▶ _Instructions for the task_
Below is a listing. Return the lines from the one that contains "A fabulous Christmas" to the one that contains "Features RFID protection", both ends included, verbatim and with no pictures.

▶ _Supplied entries_
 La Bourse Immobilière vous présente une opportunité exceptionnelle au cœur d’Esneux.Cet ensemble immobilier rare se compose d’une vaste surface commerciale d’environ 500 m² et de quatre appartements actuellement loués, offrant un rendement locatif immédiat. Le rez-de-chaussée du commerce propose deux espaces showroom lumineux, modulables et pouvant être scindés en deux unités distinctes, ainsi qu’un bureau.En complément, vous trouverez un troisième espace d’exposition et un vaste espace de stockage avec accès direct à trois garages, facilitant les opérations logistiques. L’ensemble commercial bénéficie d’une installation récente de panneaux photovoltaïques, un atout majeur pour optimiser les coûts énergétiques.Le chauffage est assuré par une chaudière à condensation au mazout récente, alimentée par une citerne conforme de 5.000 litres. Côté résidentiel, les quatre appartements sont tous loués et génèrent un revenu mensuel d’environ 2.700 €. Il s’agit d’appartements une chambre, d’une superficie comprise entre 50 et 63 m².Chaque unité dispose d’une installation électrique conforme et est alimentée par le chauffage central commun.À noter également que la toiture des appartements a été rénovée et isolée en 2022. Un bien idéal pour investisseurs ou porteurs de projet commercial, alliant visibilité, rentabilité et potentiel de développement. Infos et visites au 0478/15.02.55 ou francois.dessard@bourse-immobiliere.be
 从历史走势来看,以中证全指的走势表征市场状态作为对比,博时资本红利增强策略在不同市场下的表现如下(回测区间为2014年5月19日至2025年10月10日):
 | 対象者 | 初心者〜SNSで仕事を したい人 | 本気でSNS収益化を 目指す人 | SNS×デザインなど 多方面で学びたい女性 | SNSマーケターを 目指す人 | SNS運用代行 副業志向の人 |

--

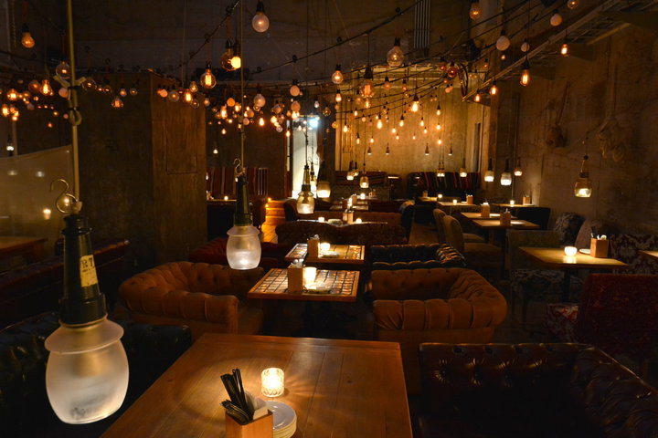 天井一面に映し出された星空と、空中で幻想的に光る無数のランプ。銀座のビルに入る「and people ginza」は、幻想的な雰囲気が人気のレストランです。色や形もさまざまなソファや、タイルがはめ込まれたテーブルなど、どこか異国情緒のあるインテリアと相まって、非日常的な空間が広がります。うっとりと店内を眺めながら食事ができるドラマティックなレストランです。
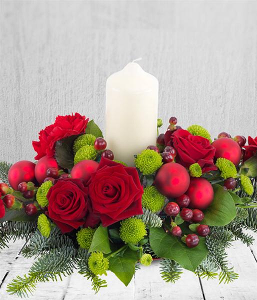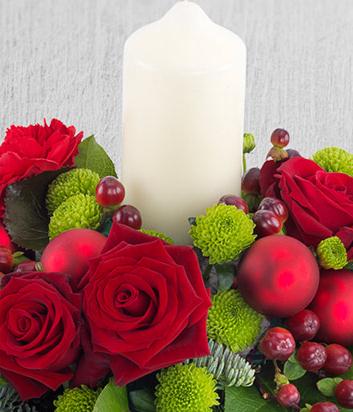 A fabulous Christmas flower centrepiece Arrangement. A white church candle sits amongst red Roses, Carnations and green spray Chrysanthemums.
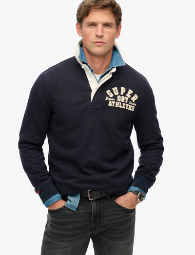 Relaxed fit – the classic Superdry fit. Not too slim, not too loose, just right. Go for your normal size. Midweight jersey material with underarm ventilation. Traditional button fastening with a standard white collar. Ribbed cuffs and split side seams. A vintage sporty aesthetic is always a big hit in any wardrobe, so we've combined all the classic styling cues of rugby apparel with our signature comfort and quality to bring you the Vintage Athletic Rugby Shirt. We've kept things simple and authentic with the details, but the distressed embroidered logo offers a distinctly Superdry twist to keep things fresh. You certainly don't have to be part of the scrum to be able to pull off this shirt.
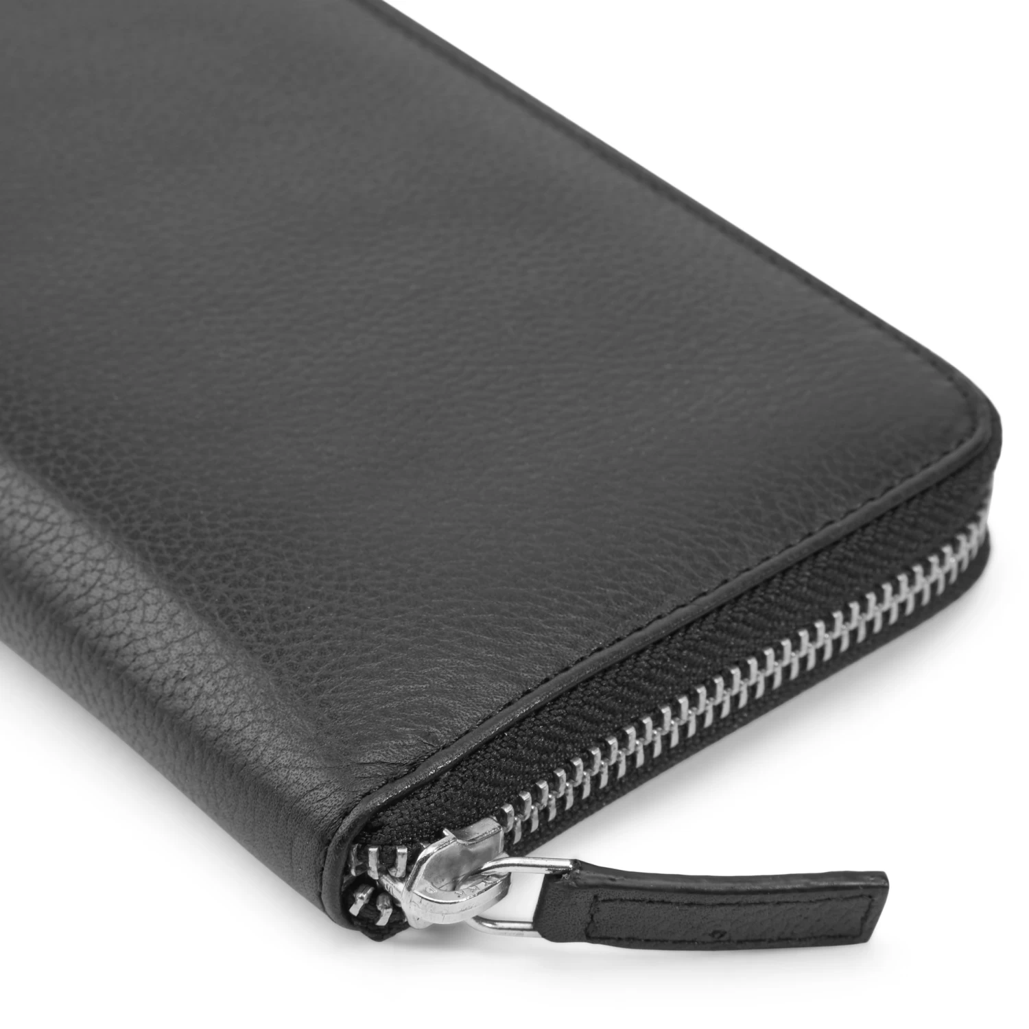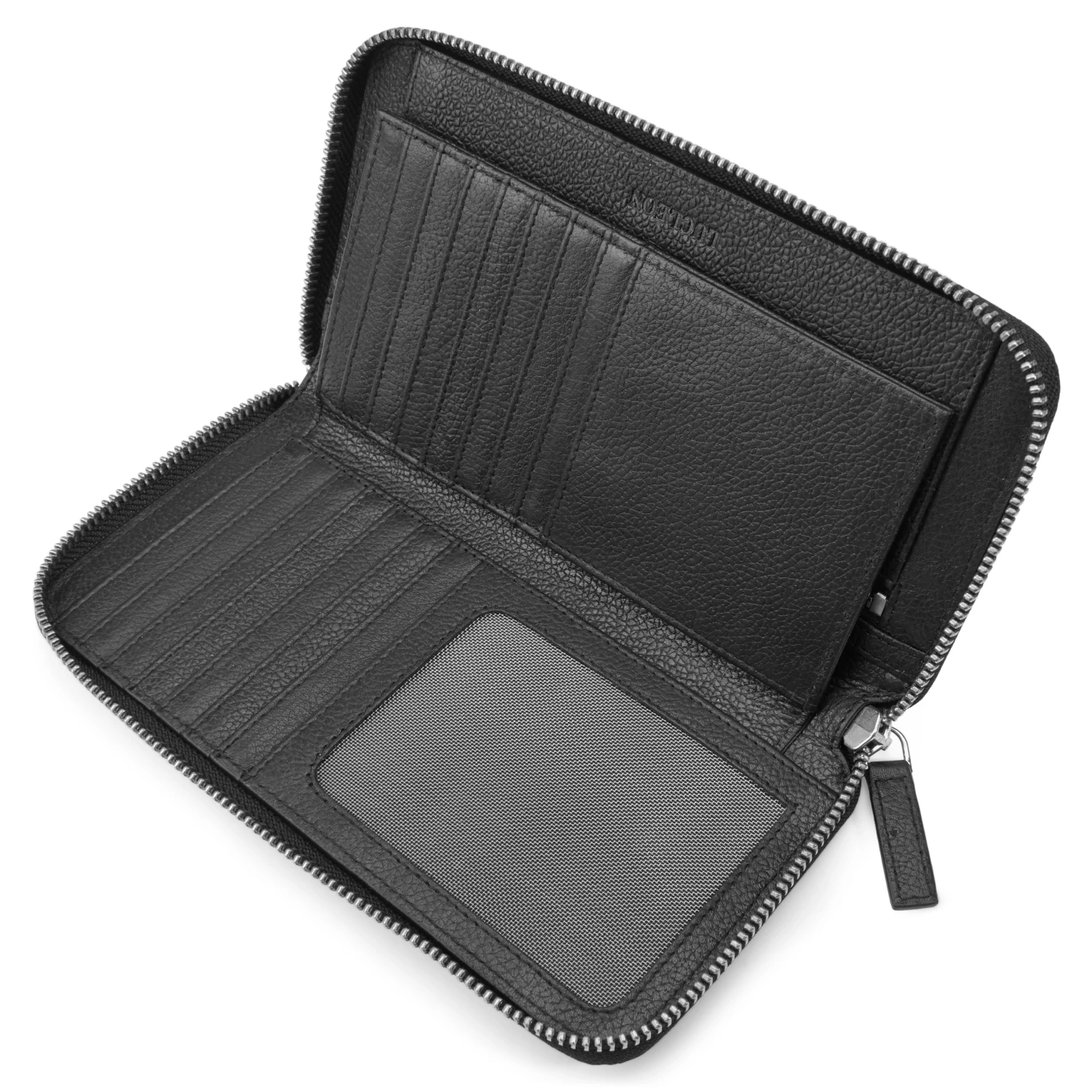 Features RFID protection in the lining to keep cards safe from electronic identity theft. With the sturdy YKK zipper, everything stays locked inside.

...

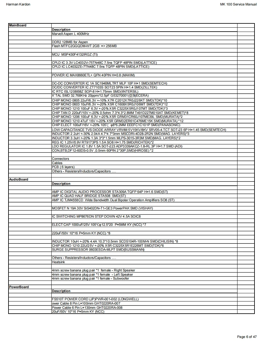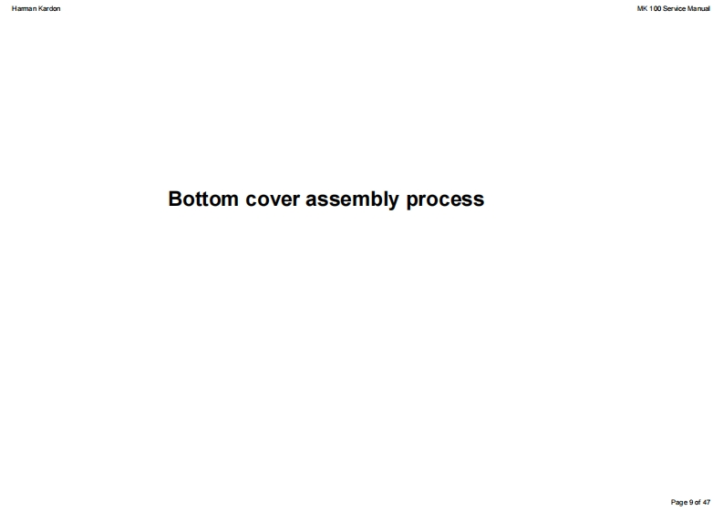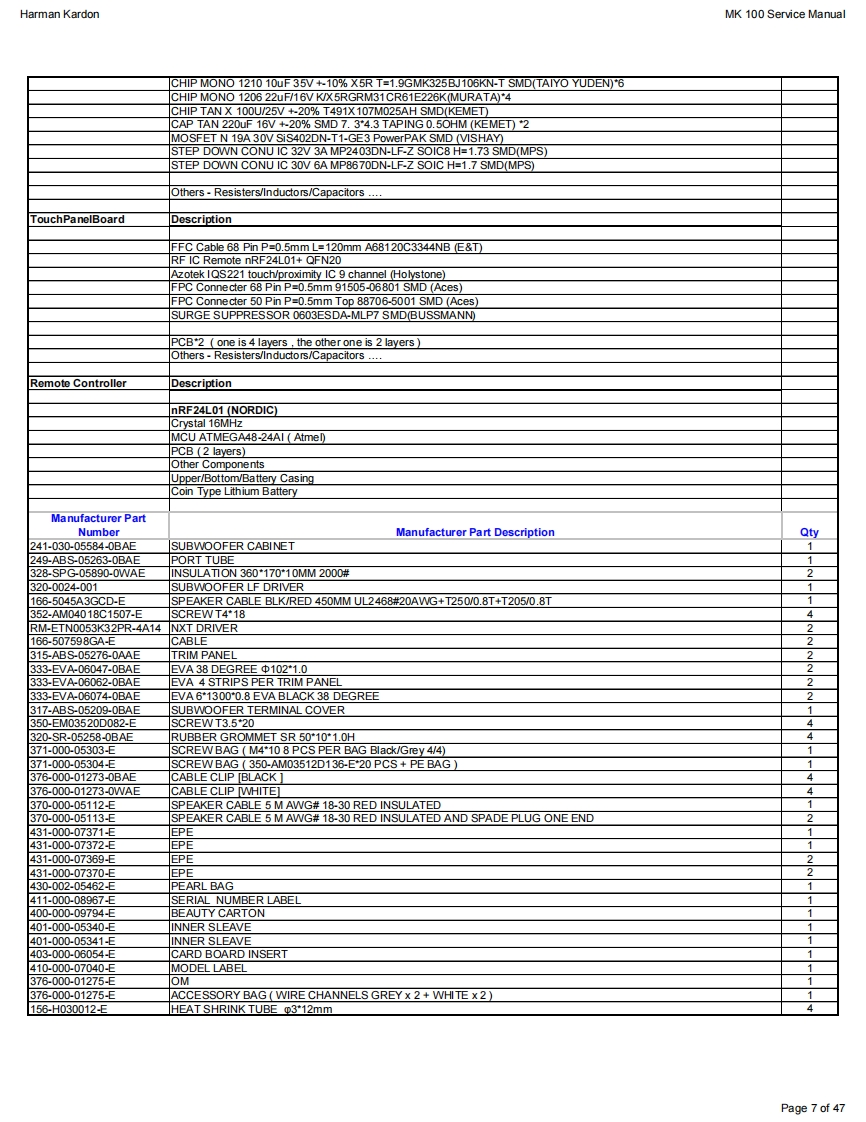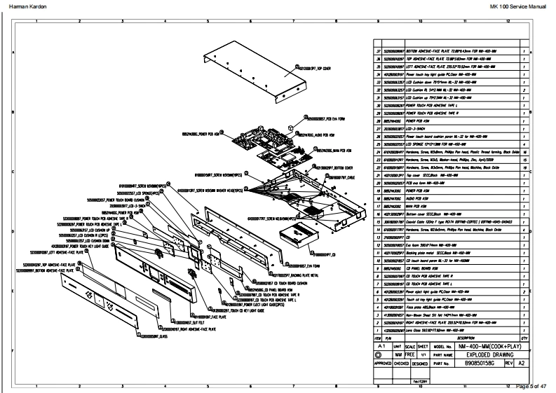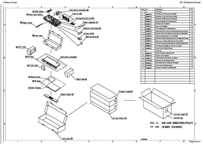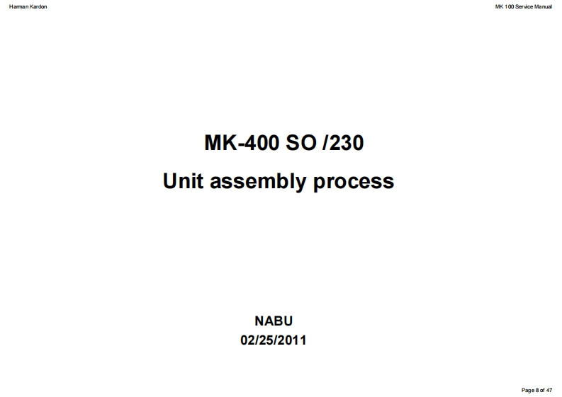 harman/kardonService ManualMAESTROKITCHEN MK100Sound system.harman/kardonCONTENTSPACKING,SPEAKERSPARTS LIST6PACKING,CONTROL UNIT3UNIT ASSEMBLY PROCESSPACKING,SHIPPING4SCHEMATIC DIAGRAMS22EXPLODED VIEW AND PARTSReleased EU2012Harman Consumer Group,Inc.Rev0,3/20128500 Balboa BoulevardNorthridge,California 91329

▶ _Written solution_
 A fabulous Christmas flower centrepiece Arrangement. A white church candle sits amongst red Roses, Carnations and green spray Chrysanthemums.
 Relaxed fit – the classic Superdry fit. Not too slim, not too loose, just right. Go for your normal size. Midweight jersey material with underarm ventilation. Traditional button fastening with a standard white collar. Ribbed cuffs and split side seams. A vintage sporty aesthetic is always a big hit in any wardrobe, so we've combined all the classic styling cues of rugby apparel with our signature comfort and quality to bring you the Vintage Athletic Rugby Shirt. We've kept things simple and authentic with the details, but the distressed embroidered logo offers a distinctly Superdry twist to keep things fresh. You certainly don't have to be part of the scrum to be able to pull off this shirt.
 Features RFID protection in the lining to keep cards safe from electronic identity theft. With the sturdy YKK zipper, everything stays locked inside.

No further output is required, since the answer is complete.